We performed a retrospective review of all patients treated at the University of Virginia Hospital between March 2001 and December 2012. All patients who underwent craniotomy for resection of meningiomas were included in the study. Five patients were excluded due to incomplete records (*n* = 2), treatment with radiosurgery only (*n* = 1), or final pathology other than meningioma (*n* = 2). Inpatient and outpatient medical charts and imaging were reviewed for patient characteristics, pathologic details, intraprocedural and intraoperative findings, complications, and outcomes. Operative notes were reviewed for any comments made by the surgeon as to the ease or difficulty of the resection.
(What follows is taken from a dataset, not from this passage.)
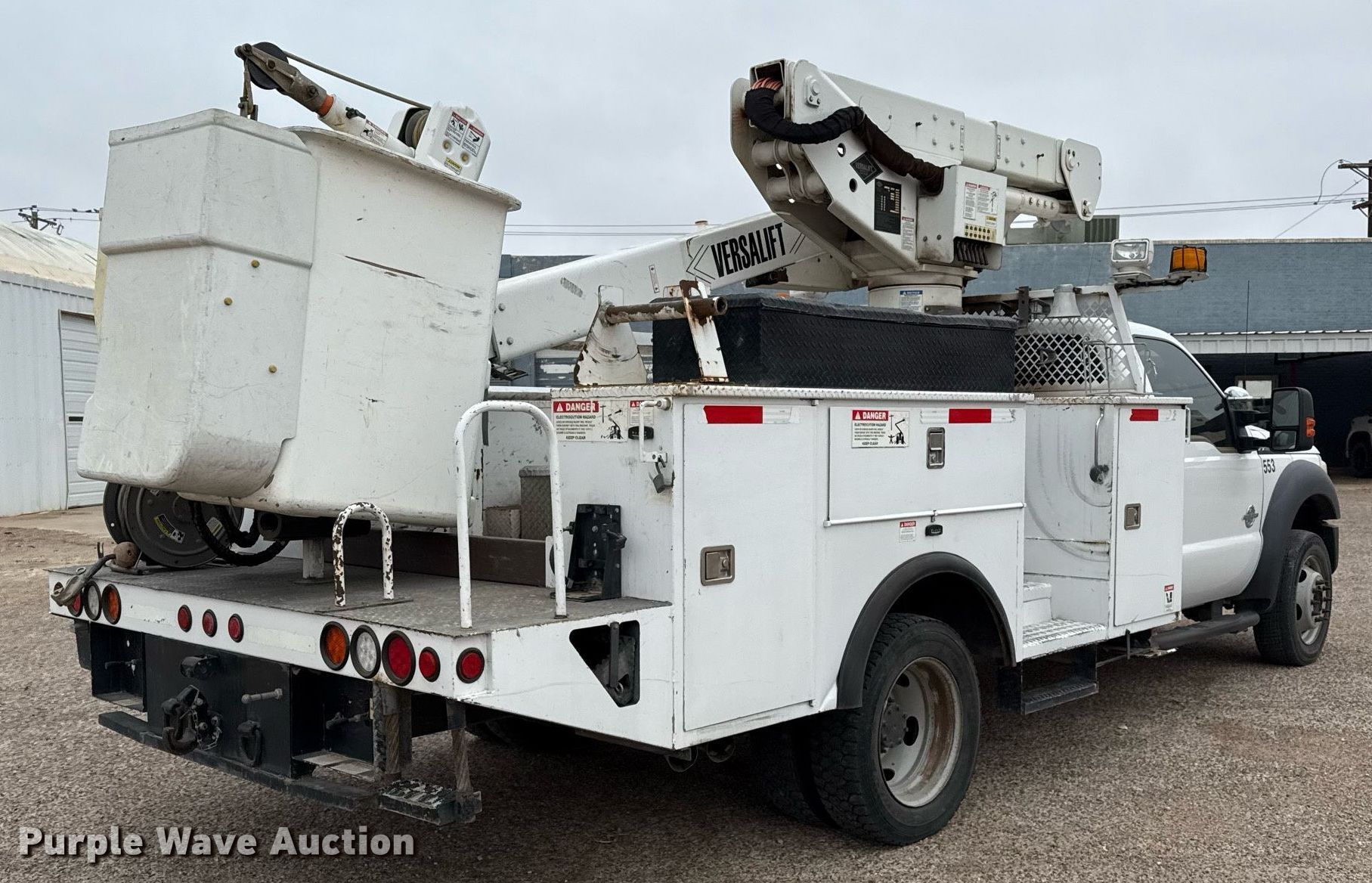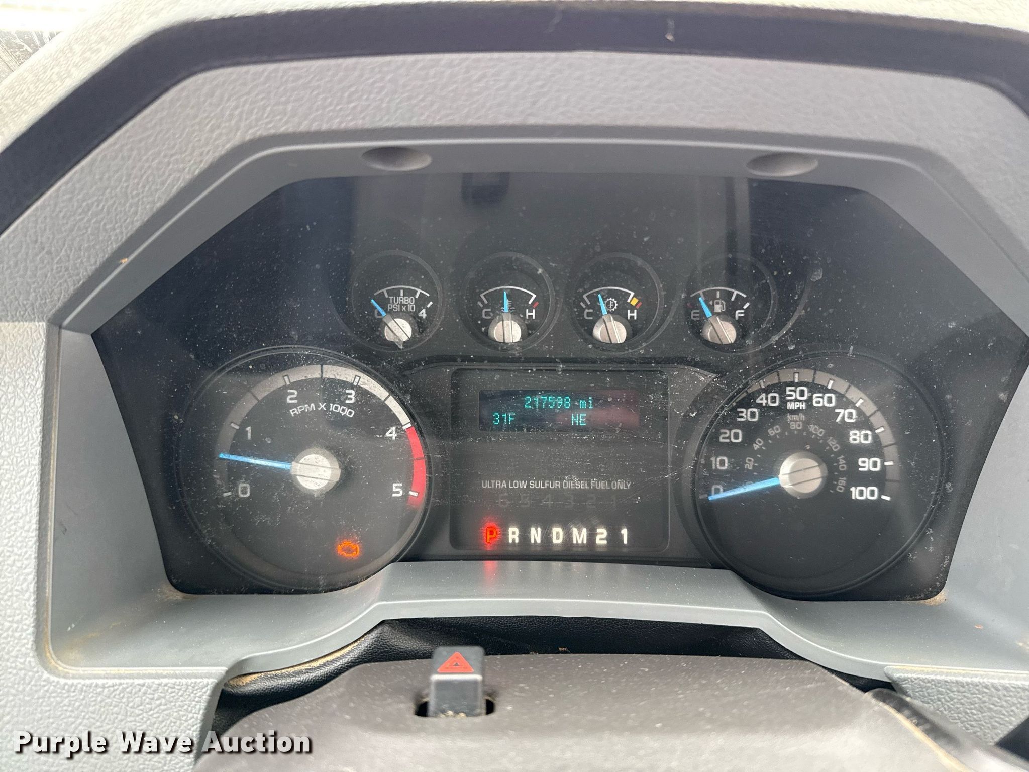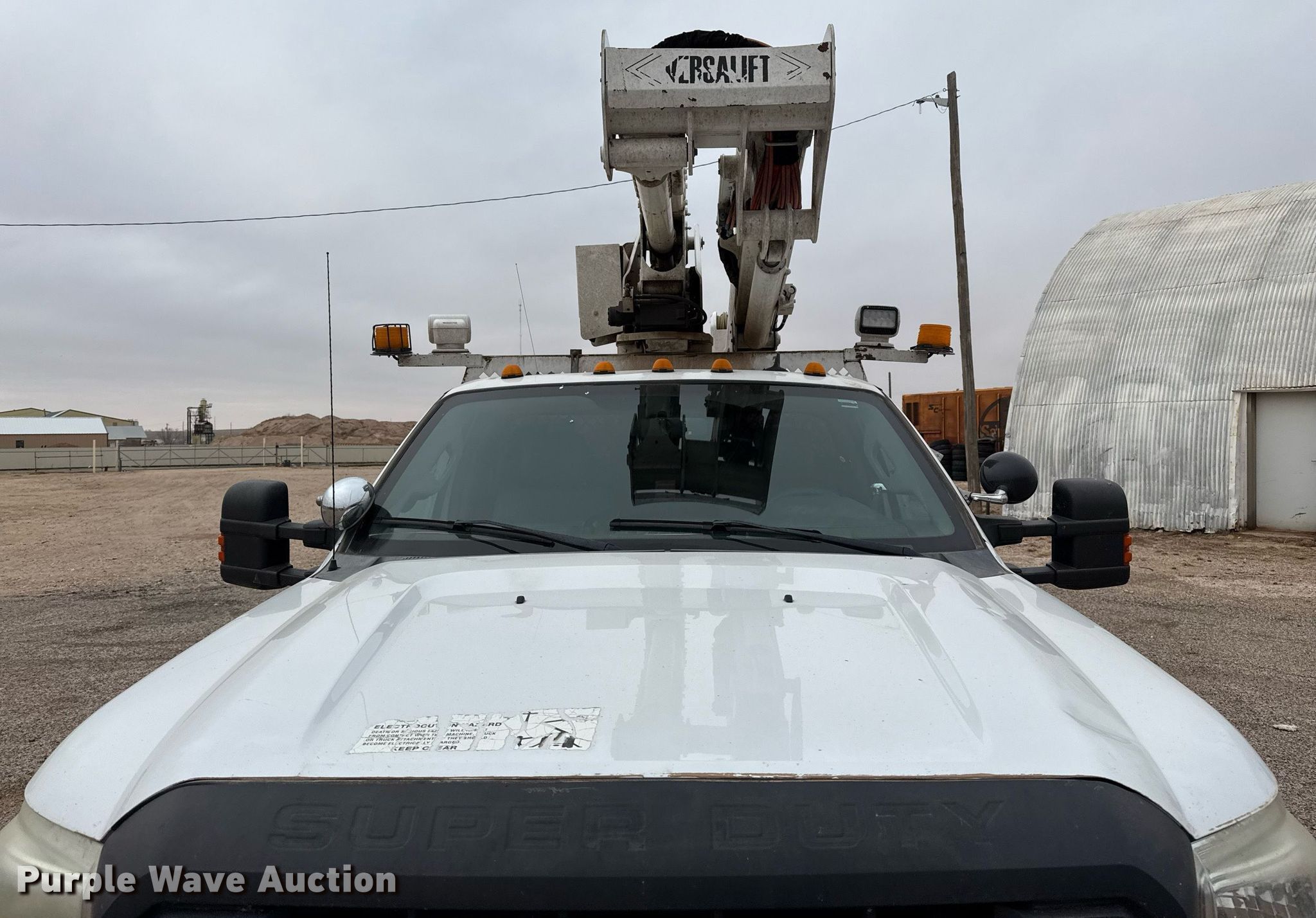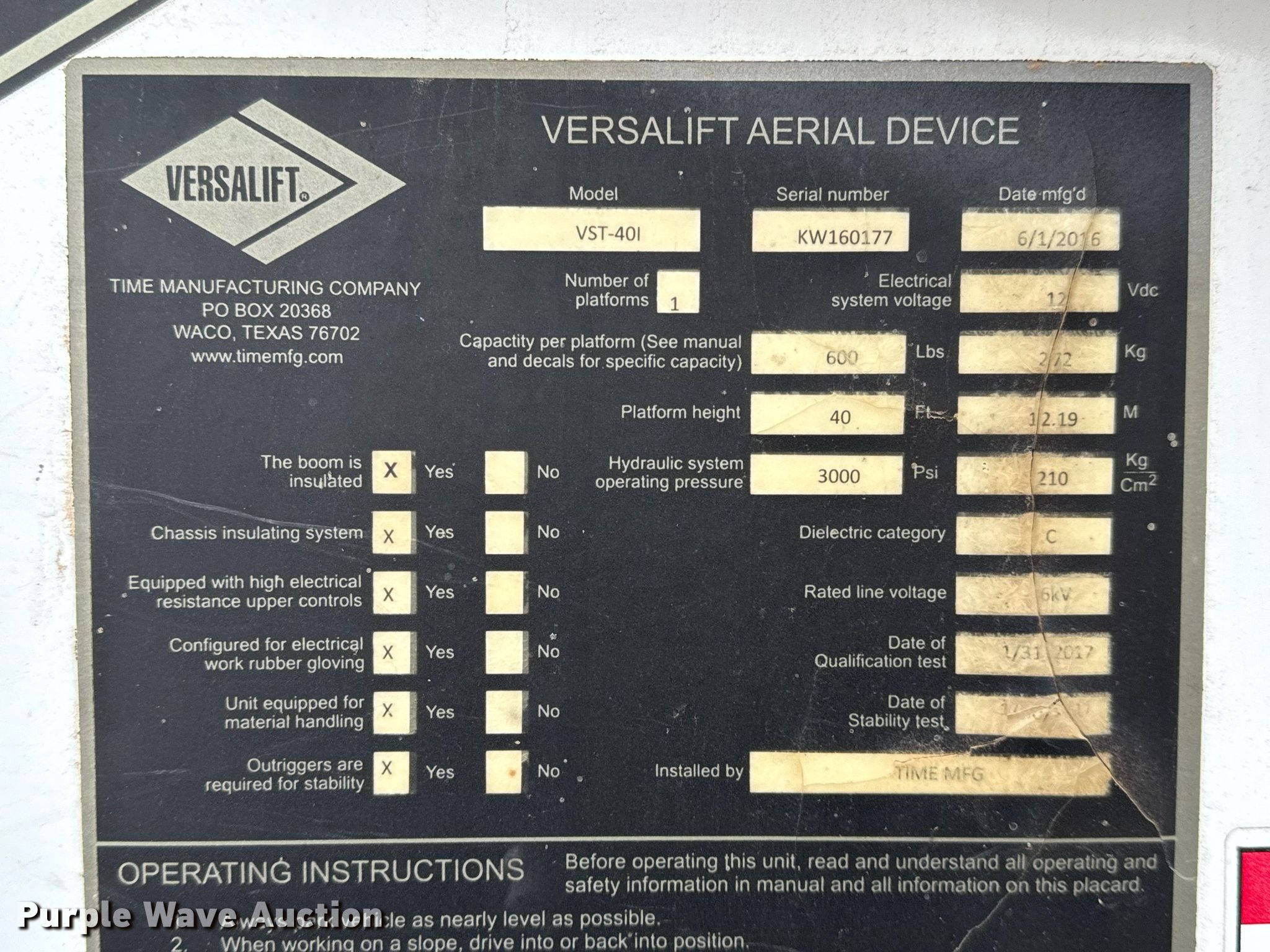 2016 Ford F550 Super Duty XL bucket truck. Miles: 217,598 on odometer, VIN: 1FDUF5HT4GEC75116. Engine Displacement: 6.7L V8 OHV, Cylinders: 8, Fuel type: Diesel. Transmission Automatic. Chassis Four wheel drive, Axles: Single, Suspension: Spring, Brakes: Hydraulic, PTO, Wet kit, GVWR: 19,500 lbs, Wheelbase: 165". Interior AC, Heat, Heated mirrors, Power windows, Power locks, Cruise control, Auxiliary controls, Brake controller. Features Bed Dakota Bodies 132-SB, Serial: DB24773, 13' 6" L x 94" W, Boom Versalift VST-40I, Serial: KW160177, Maximum lift capacity: 600 lbs, Maximum lift height: 40', Boom type: Articulating, Insulated, Telescopic, Man basket, Boom controls Ground, Platform/ basket, Material handler. Tires Size: 225/70R19.5. Notes Dash warning indicator: Check engine, Dead battery. Texas title. Title distribution may be delayed up to 30 days from verification of funds. Lamesa, TX 79331

The study was approved by the local institutional review board.

Maximal tumor diameter was measured on preoperative imaging studies and taken as the largest measurement in either the coronal, axial, or sagittal plane. Tumors were categorized according to location, and previous treatments were noted. Embolization characteristics, including embolized vessel, method of embolization, estimated percentage of tumor devascularization, and procedure-related complications, were noted. The extent of surgical resection, operative blood loss, and operative time were recorded. In most cases, the extent of tumor resection was recorded in the operative notes, based on the operating surgeon's estimate at the time of surgery. In cases in which no estimate was made, the extent of resection was estimated by the primary author based on review of operative reports and pre- and postoperative imaging. “Gross total” resection was defined as excision without visual residual tumor and lack of residual tumor on postoperative imaging; “sub-total” resection was defined as either residual tumor at operation ≤10% of the total tumor volume or signs of residual tumor on postoperative imaging; “partial” resection included resection of <90% of tumor by report or postoperative imaging. Postoperative treatments and perioperative complications were also analyzed by the treatment group.

### Patient Selection

Selection of patients for preoperative angiography was made on an individualized patient basis based on the treating neurosurgeon's preference and practice. Embolization was performed after assessment of diagnostic images by the treating interventional radiologist. Selection of patients for preoperative embolization was not formalized as an institutional protocol. Nevertheless, the following principles were generally followed in selection of patients for preoperative embolization: patients with meningiomas located at the sphenoid wing, convexity, or parasagittal locations; or those with meningiomas with imaging characteristics indicative of hypervascularization.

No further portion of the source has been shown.